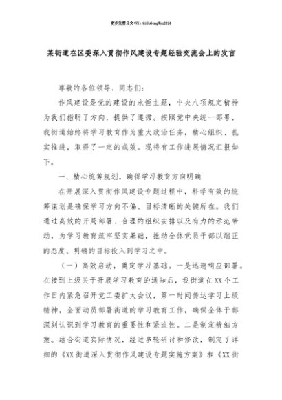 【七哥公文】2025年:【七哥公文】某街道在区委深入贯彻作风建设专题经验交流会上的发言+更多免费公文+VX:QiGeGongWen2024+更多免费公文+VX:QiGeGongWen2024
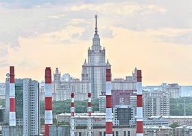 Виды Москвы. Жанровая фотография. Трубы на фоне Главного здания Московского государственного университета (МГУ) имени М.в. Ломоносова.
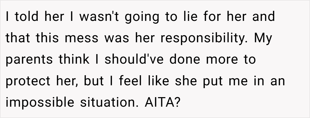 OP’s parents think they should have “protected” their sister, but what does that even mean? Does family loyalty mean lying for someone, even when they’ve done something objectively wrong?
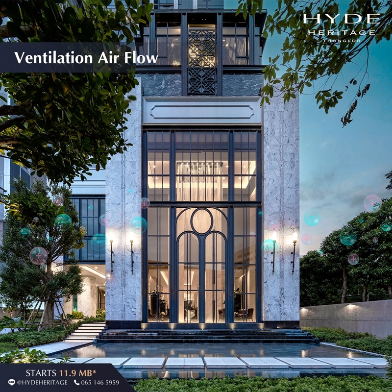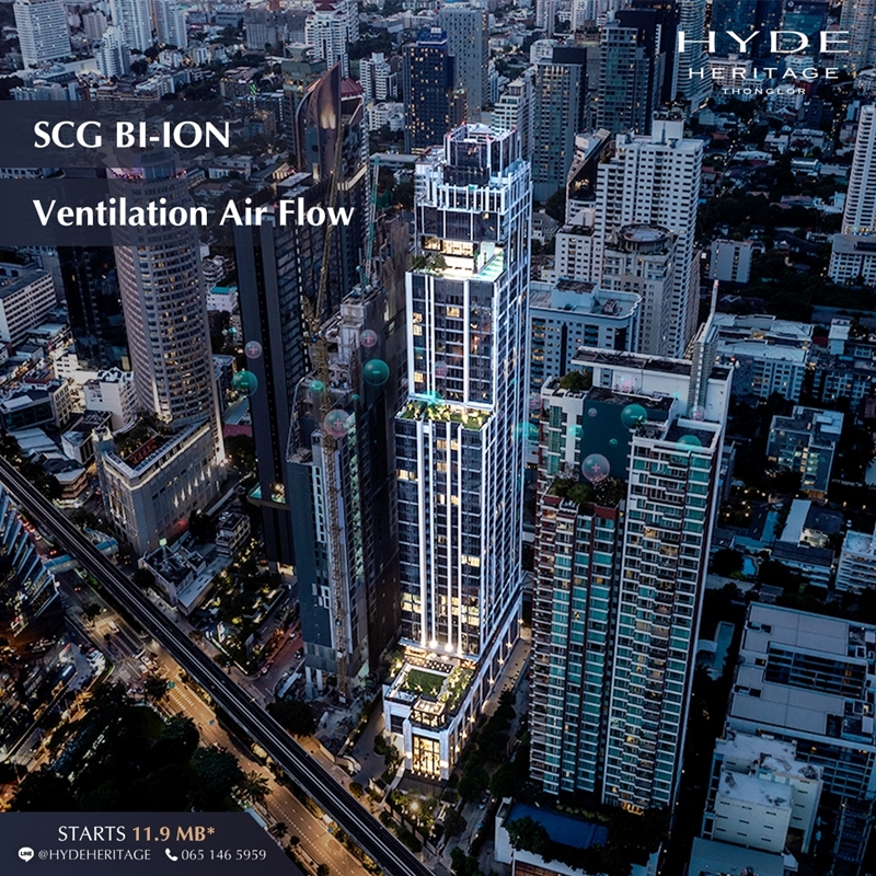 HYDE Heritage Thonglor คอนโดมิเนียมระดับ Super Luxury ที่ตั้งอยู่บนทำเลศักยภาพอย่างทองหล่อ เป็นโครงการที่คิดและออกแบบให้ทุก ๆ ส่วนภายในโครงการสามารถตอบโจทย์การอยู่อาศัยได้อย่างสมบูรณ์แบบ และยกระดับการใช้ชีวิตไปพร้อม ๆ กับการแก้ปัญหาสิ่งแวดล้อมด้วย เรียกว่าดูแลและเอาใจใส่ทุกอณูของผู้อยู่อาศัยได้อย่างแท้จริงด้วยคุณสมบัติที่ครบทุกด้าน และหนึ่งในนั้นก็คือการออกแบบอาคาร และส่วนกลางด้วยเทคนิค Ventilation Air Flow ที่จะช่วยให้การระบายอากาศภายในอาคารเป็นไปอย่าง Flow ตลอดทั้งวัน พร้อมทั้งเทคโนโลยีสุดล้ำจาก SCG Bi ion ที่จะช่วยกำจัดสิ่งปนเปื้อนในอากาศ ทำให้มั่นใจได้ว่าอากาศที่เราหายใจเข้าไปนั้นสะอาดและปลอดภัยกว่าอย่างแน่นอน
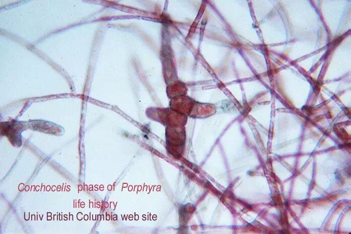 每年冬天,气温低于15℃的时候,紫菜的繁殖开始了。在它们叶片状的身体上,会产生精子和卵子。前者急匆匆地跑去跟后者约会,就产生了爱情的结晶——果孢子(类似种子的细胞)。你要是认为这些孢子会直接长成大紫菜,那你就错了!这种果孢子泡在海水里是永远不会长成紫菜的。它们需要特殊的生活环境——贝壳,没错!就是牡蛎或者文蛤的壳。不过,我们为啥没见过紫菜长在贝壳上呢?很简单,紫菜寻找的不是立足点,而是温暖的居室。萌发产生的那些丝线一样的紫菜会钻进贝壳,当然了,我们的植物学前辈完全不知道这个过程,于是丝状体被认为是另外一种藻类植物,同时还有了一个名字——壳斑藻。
--
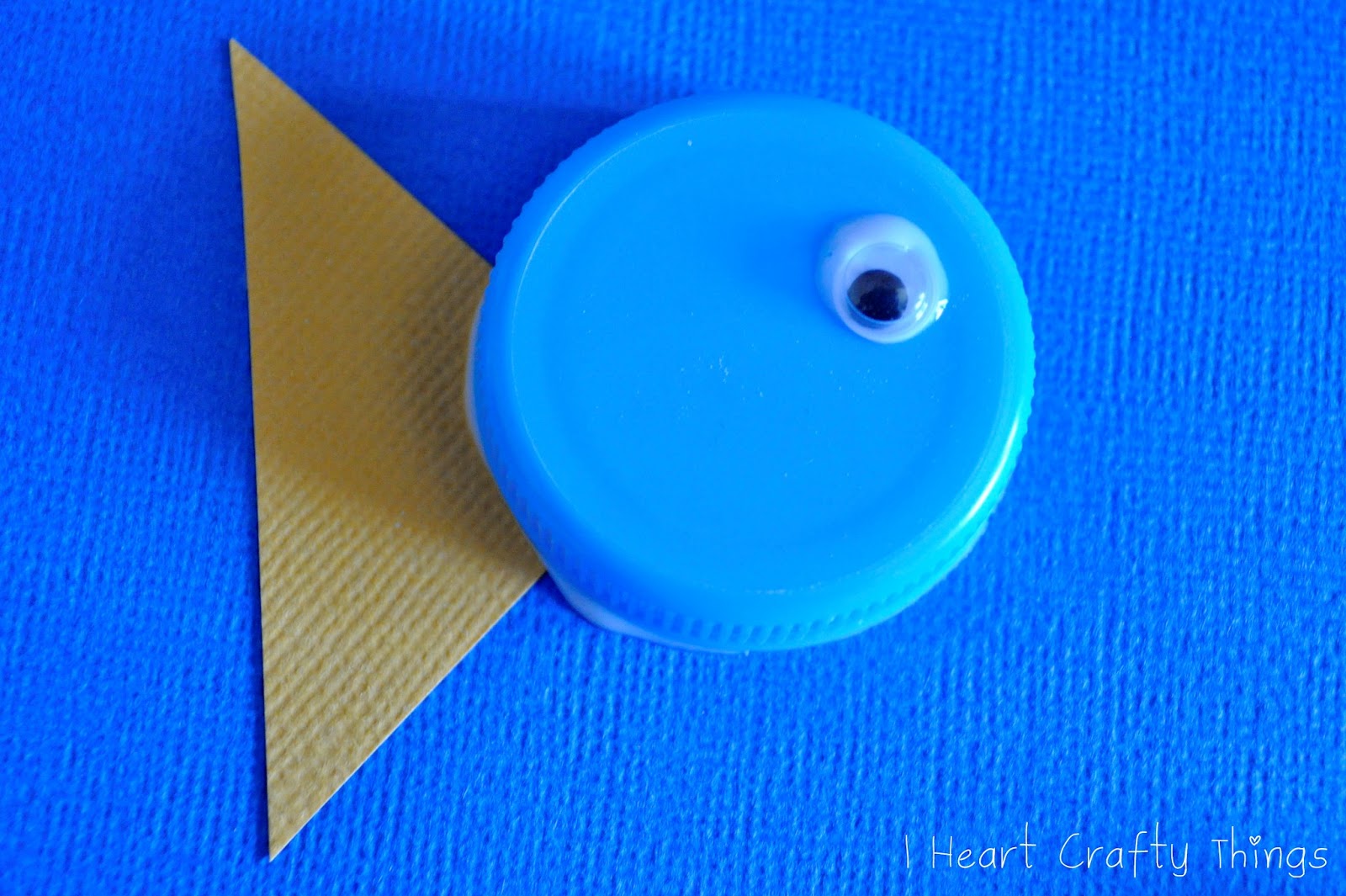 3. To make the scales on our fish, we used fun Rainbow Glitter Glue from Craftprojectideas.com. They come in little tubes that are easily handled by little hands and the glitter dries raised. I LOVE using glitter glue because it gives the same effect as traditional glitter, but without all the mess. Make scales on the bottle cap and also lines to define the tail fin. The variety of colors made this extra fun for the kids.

> _Your goal_
Using the listing above, restate exactly the range between the lines holding "OP’s parents think" and "每年冬天,气温低于15℃的时", inclusive, with pictures left out.

> _Answer to the problem_
 OP’s parents think they should have “protected” their sister, but what does that even mean? Does family loyalty mean lying for someone, even when they’ve done something objectively wrong?
 HYDE Heritage Thonglor คอนโดมิเนียมระดับ Super Luxury ที่ตั้งอยู่บนทำเลศักยภาพอย่างทองหล่อ เป็นโครงการที่คิดและออกแบบให้ทุก ๆ ส่วนภายในโครงการสามารถตอบโจทย์การอยู่อาศัยได้อย่างสมบูรณ์แบบ และยกระดับการใช้ชีวิตไปพร้อม ๆ กับการแก้ปัญหาสิ่งแวดล้อมด้วย เรียกว่าดูแลและเอาใจใส่ทุกอณูของผู้อยู่อาศัยได้อย่างแท้จริงด้วยคุณสมบัติที่ครบทุกด้าน และหนึ่งในนั้นก็คือการออกแบบอาคาร และส่วนกลางด้วยเทคนิค Ventilation Air Flow ที่จะช่วยให้การระบายอากาศภายในอาคารเป็นไปอย่าง Flow ตลอดทั้งวัน พร้อมทั้งเทคโนโลยีสุดล้ำจาก SCG Bi ion ที่จะช่วยกำจัดสิ่งปนเปื้อนในอากาศ ทำให้มั่นใจได้ว่าอากาศที่เราหายใจเข้าไปนั้นสะอาดและปลอดภัยกว่าอย่างแน่นอน
 每年冬天,气温低于15℃的时候,紫菜的繁殖开始了。在它们叶片状的身体上,会产生精子和卵子。前者急匆匆地跑去跟后者约会,就产生了爱情的结晶——果孢子(类似种子的细胞)。你要是认为这些孢子会直接长成大紫菜,那你就错了!这种果孢子泡在海水里是永远不会长成紫菜的。它们需要特殊的生活环境——贝壳,没错!就是牡蛎或者文蛤的壳。不过,我们为啥没见过紫菜长在贝壳上呢?很简单,紫菜寻找的不是立足点,而是温暖的居室。萌发产生的那些丝线一样的紫菜会钻进贝壳,当然了,我们的植物学前辈完全不知道这个过程,于是丝状体被认为是另外一种藻类植物,同时还有了一个名字——壳斑藻。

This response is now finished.